- **PROBLEM STATEMENT**: Set down all of the entries below word for word, with the pictures left out.

BEGIN DATA FOR THE TASK

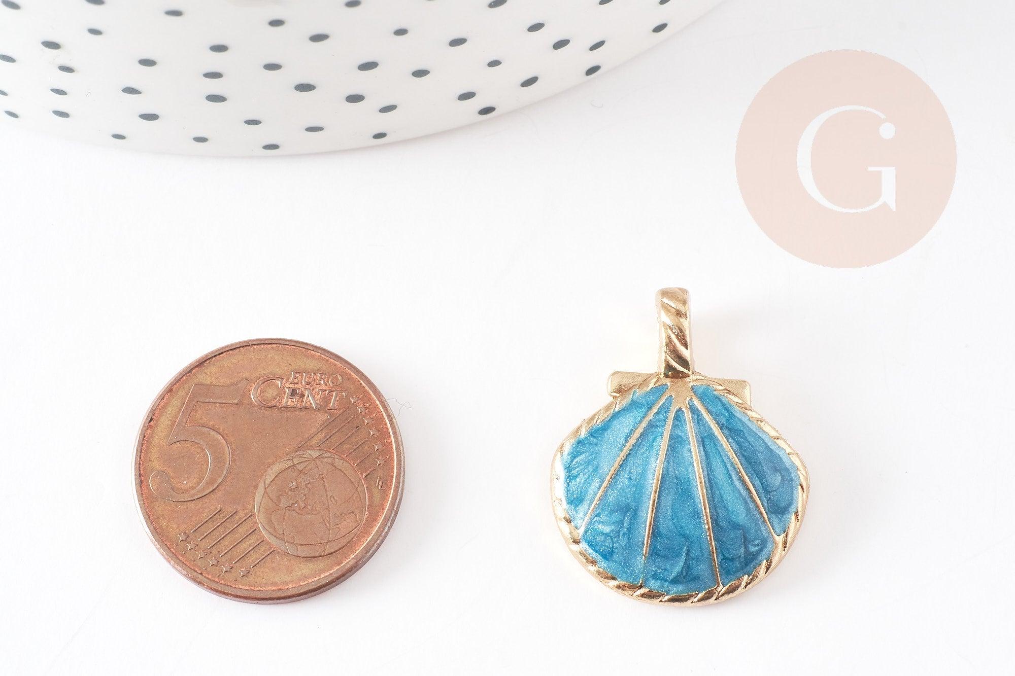 A shell pendant in gold metal covered with transparent sky blue resin.
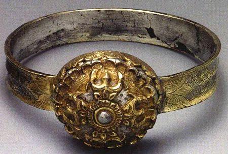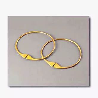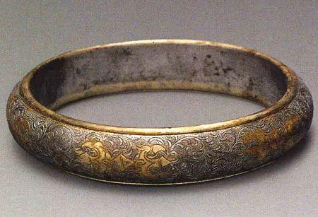 刘家河商墓中出土的臂钏是迄今为止早的实物遗存之一。以直径0.4厘米的金条相对弯成环形,两端锤扁呈扇形,光素无纹,风格简洁明快,可能是周边少数民族所造。
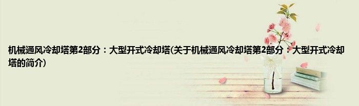 机械通风冷却塔第2部分:大型开式冷却塔(关于机械通风冷却塔第2部分:大型开式冷却塔的简介)
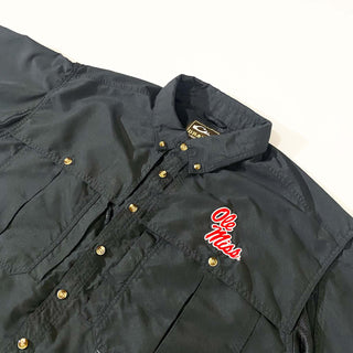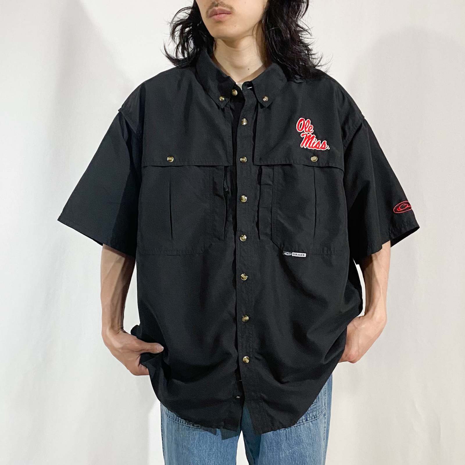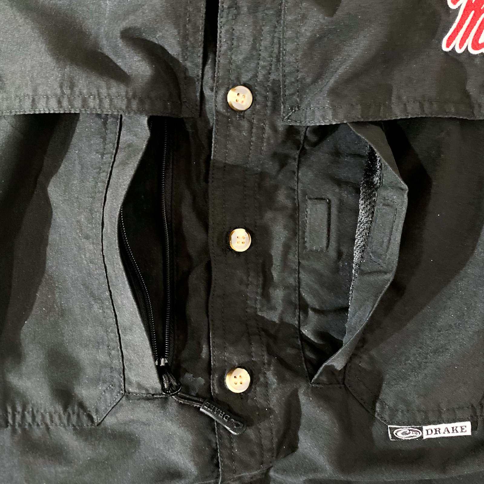 前身頃が大きなポケットになっていてM43のような独特なポケットが魅力的。左右でジップタイプと磁石タイプのアシンメトリーなデザインが古着らしくて面白い!
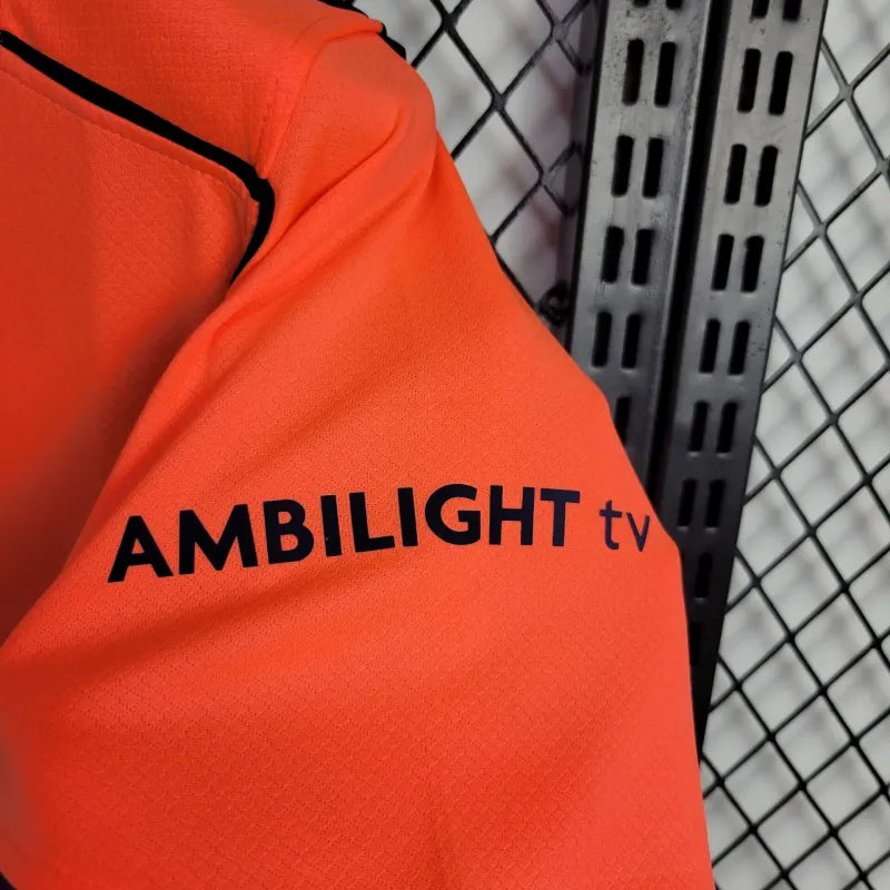 Pomarańczowa koszulka z granatowymi akcentami – nowoczesna, energetyczna i pełna charakteru. Doskonale oddaje pasję oraz odwagę Dumy Katalonii.
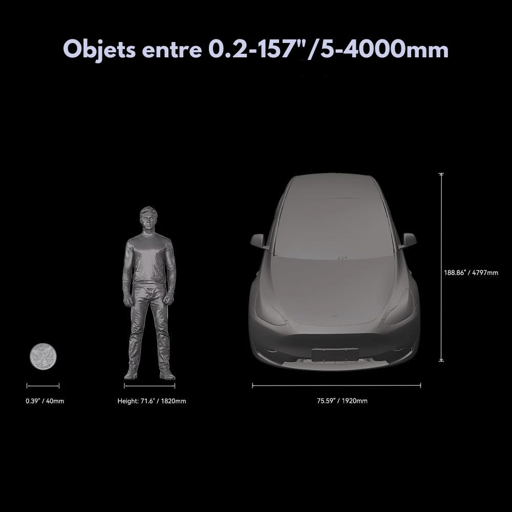Le mode visage et corps est équipé d’un algorithme unique de cartographie du visage qui capture plus de détails et scanne facilement les cheveux. Un scan du corps humain prend seulement jusqu’à 2 minutes.
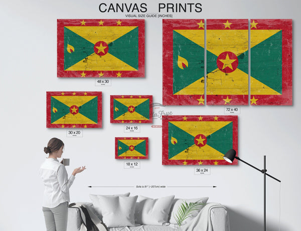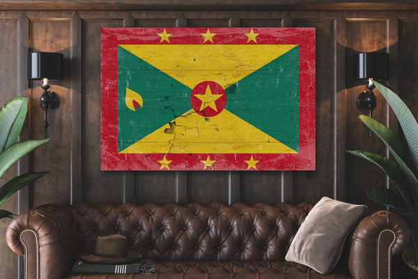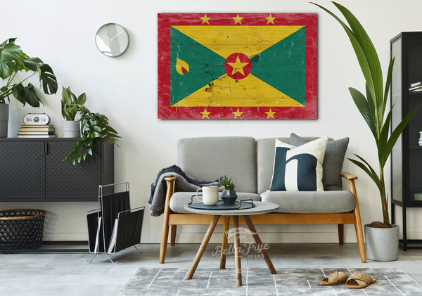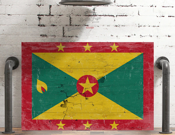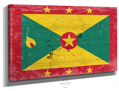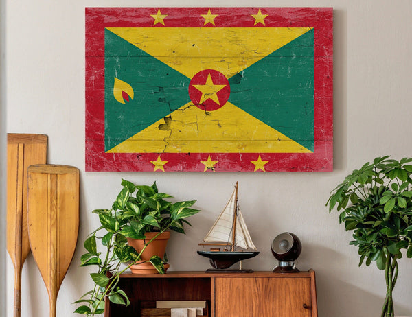 • Bella Frye Home & Garden > Decor > Artwork Grenada Flag Wall Art - Vintage Grenada Flag Sign Weathered Wood Style on Canvas
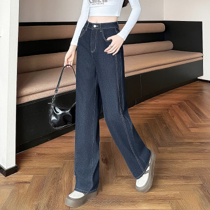 唐狮2026秋冬季女宽松牛仔长裤明线直筒裤子设计感时尚百搭显瘦
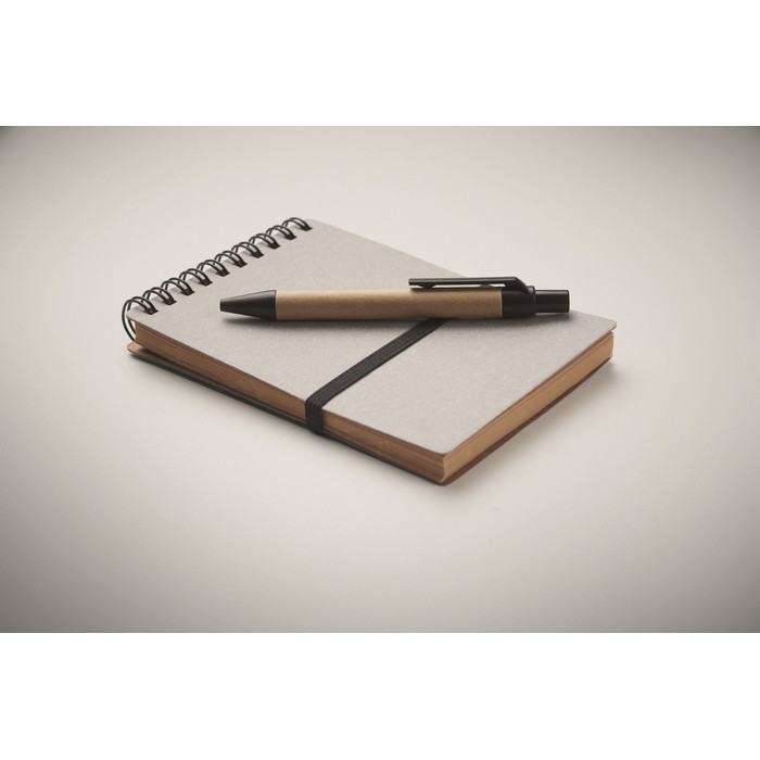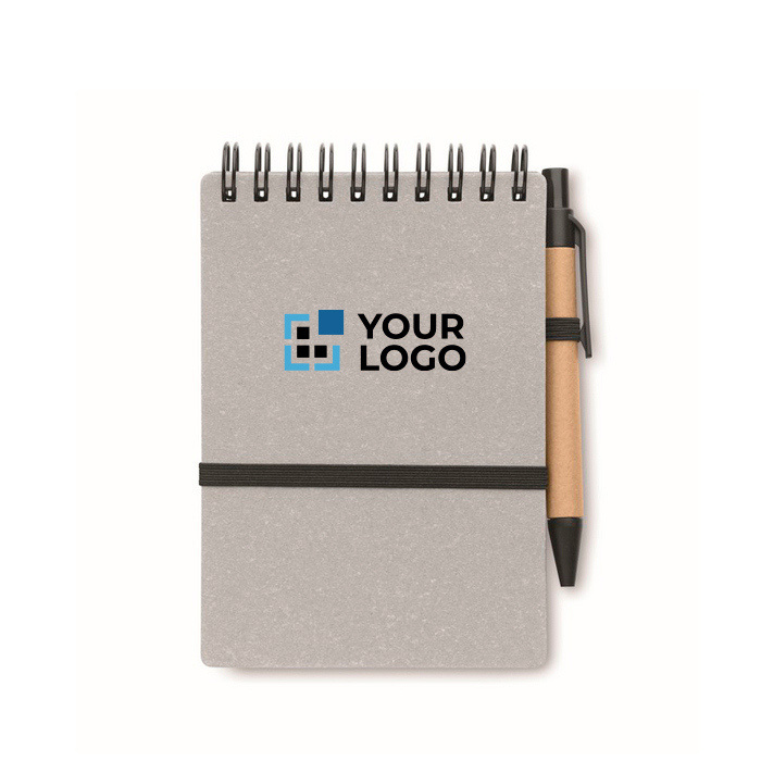 Libreta reciclada con bolígrafo a juego para destacar tu marca en ferias

END DATA FOR THE TASK

- **REPLY TO THE TASK**:
 A shell pendant in gold metal covered with transparent sky blue resin.
 刘家河商墓中出土的臂钏是迄今为止早的实物遗存之一。以直径0.4厘米的金条相对弯成环形,两端锤扁呈扇形,光素无纹,风格简洁明快,可能是周边少数民族所造。
 机械通风冷却塔第2部分:大型开式冷却塔(关于机械通风冷却塔第2部分:大型开式冷却塔的简介)
 前身頃が大きなポケットになっていてM43のような独特なポケットが魅力的。左右でジップタイプと磁石タイプのアシンメトリーなデザインが古着らしくて面白い!
 Pomarańczowa koszulka z granatowymi akcentami – nowoczesna, energetyczna i pełna charakteru. Doskonale oddaje pasję oraz odwagę Dumy Katalonii.
Le mode visage et corps est équipé d’un algorithme unique de cartographie du visage qui capture plus de détails et scanne facilement les cheveux. Un scan du corps humain prend seulement jusqu’à 2 minutes.
 • Bella Frye Home & Garden > Decor > Artwork Grenada Flag Wall Art - Vintage Grenada Flag Sign Weathered Wood Style on Canvas
 唐狮2026秋冬季女宽松牛仔长裤明线直筒裤子设计感时尚百搭显瘦
 Libreta reciclada con bolígrafo a juego para destacar tu marca en ferias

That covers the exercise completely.